What to produce ::
For the entries below, repeat exactly each line starting with the one that contains "郧阳区纪委监委将实践活动与下" and going on through the one that contains "難以置信......獅子在面對水牛群的領袖時悲慘", and no others.

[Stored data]
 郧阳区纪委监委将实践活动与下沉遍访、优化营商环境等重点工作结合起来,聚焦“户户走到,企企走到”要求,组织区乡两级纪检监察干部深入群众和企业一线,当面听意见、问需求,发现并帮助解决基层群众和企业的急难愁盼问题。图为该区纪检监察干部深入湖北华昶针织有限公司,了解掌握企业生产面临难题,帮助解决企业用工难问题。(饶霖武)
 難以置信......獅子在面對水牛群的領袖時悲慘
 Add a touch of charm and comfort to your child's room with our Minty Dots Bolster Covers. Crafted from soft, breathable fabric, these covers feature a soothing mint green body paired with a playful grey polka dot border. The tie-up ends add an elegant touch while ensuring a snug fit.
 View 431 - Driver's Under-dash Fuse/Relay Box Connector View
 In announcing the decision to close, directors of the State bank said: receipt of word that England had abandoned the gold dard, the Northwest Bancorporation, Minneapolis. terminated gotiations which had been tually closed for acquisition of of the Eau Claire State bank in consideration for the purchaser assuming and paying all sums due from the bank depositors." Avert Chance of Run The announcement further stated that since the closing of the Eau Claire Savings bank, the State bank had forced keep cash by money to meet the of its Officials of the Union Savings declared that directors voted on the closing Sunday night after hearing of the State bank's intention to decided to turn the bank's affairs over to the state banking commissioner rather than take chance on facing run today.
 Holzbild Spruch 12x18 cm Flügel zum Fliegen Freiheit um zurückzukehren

--

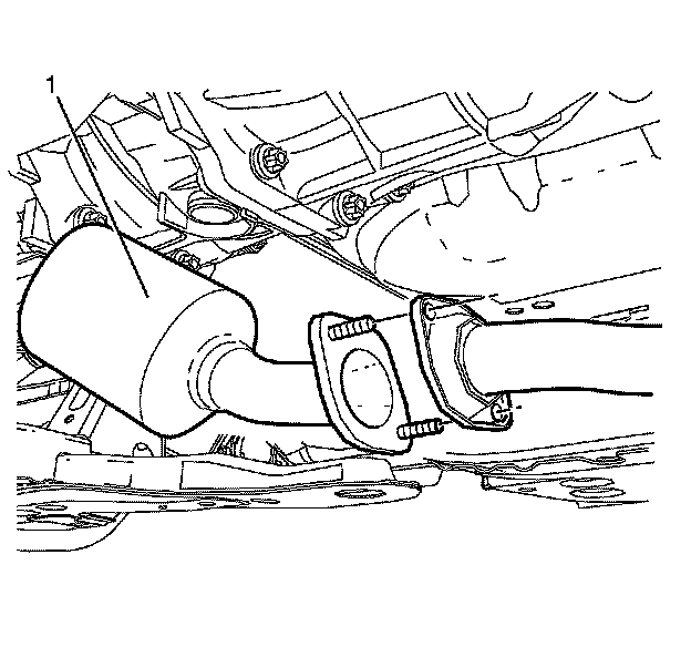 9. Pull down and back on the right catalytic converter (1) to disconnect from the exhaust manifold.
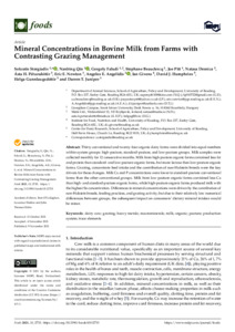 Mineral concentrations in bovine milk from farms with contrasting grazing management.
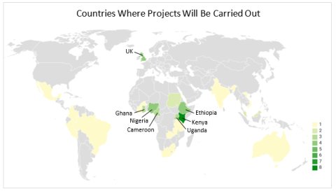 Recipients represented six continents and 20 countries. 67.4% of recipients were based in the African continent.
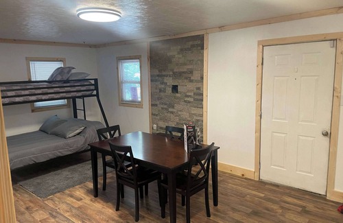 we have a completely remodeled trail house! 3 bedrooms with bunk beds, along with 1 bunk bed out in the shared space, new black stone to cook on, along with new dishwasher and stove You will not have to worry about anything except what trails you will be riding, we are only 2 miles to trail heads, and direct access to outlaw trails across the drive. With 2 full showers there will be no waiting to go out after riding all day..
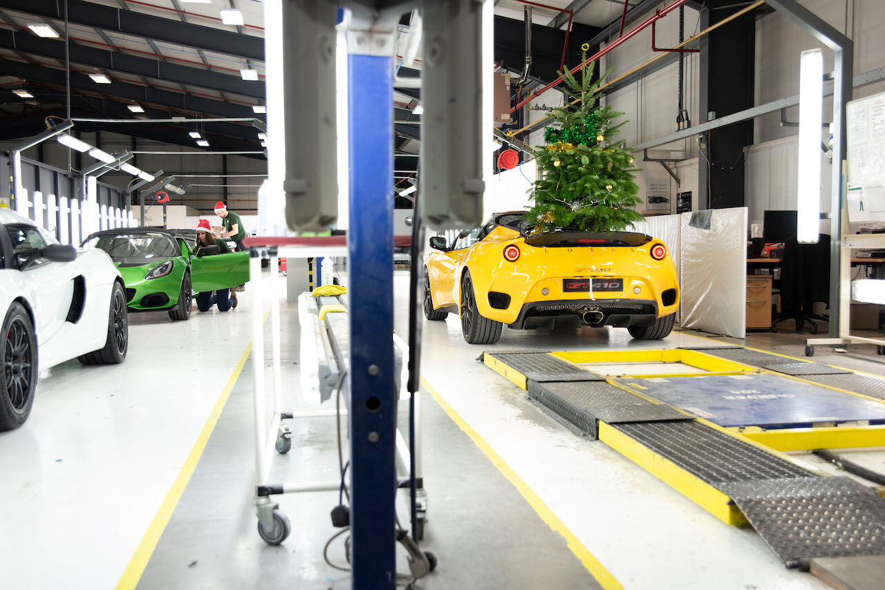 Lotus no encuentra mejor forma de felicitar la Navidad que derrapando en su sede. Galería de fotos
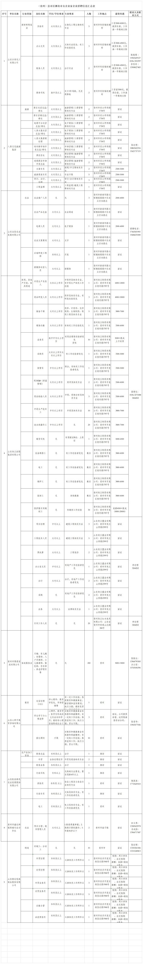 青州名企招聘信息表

Problem solution ::
 郧阳区纪委监委将实践活动与下沉遍访、优化营商环境等重点工作结合起来,聚焦“户户走到,企企走到”要求,组织区乡两级纪检监察干部深入群众和企业一线,当面听意见、问需求,发现并帮助解决基层群众和企业的急难愁盼问题。图为该区纪检监察干部深入湖北华昶针织有限公司,了解掌握企业生产面临难题,帮助解决企业用工难问题。(饶霖武)
 難以置信......獅子在面對水牛群的領袖時悲慘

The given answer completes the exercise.